**Task brief:** Repeat the following lines exactly and nothing else: the line containing "據《京華時報》報道,北京某高" and each line after it through the end of the listing.

»»

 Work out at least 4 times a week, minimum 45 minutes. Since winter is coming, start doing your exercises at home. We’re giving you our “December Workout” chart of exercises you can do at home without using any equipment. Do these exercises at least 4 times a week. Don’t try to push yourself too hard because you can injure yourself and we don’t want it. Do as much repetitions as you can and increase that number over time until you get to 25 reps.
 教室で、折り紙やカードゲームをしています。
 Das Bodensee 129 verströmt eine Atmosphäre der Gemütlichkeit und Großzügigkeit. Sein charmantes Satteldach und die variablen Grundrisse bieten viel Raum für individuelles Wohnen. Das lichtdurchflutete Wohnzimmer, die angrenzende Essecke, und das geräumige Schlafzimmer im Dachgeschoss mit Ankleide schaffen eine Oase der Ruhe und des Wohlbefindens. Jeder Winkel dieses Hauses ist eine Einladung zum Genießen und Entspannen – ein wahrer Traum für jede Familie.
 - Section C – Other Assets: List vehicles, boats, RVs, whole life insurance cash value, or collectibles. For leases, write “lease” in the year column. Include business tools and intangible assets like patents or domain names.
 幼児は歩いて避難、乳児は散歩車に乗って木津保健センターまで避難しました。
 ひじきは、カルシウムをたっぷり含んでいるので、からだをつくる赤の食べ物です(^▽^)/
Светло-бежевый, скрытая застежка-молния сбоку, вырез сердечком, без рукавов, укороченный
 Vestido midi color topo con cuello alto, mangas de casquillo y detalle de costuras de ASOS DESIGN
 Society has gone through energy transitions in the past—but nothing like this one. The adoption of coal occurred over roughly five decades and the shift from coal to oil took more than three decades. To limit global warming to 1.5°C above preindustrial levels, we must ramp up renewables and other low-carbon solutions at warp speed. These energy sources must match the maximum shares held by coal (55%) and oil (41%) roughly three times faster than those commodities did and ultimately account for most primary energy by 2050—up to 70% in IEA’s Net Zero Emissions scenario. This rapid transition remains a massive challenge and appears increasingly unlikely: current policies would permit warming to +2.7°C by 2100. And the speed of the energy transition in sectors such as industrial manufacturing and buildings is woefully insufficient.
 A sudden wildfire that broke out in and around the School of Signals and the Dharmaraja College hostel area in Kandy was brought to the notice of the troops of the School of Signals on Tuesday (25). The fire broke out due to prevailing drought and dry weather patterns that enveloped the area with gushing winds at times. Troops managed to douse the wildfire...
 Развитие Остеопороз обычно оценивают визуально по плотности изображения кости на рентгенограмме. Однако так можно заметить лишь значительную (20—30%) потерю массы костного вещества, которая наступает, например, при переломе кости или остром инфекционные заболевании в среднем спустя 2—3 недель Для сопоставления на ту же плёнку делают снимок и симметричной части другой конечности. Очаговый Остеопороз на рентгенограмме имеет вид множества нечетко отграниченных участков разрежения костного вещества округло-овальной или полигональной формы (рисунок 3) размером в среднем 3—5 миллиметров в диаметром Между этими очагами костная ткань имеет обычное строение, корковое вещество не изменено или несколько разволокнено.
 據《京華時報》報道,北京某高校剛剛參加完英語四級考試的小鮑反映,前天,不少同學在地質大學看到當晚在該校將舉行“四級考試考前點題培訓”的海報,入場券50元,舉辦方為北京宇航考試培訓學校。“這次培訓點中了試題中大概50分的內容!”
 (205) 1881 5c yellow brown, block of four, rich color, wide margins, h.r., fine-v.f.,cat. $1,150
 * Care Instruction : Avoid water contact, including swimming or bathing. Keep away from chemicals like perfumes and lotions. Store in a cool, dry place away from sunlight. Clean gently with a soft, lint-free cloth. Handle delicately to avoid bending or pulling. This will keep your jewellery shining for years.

««

**Result:**
 據《京華時報》報道,北京某高校剛剛參加完英語四級考試的小鮑反映,前天,不少同學在地質大學看到當晚在該校將舉行“四級考試考前點題培訓”的海報,入場券50元,舉辦方為北京宇航考試培訓學校。“這次培訓點中了試題中大概50分的內容!”
 (205) 1881 5c yellow brown, block of four, rich color, wide margins, h.r., fine-v.f.,cat. $1,150
 * Care Instruction : Avoid water contact, including swimming or bathing. Keep away from chemicals like perfumes and lotions. Store in a cool, dry place away from sunlight. Clean gently with a soft, lint-free cloth. Handle delicately to avoid bending or pulling. This will keep your jewellery shining for years.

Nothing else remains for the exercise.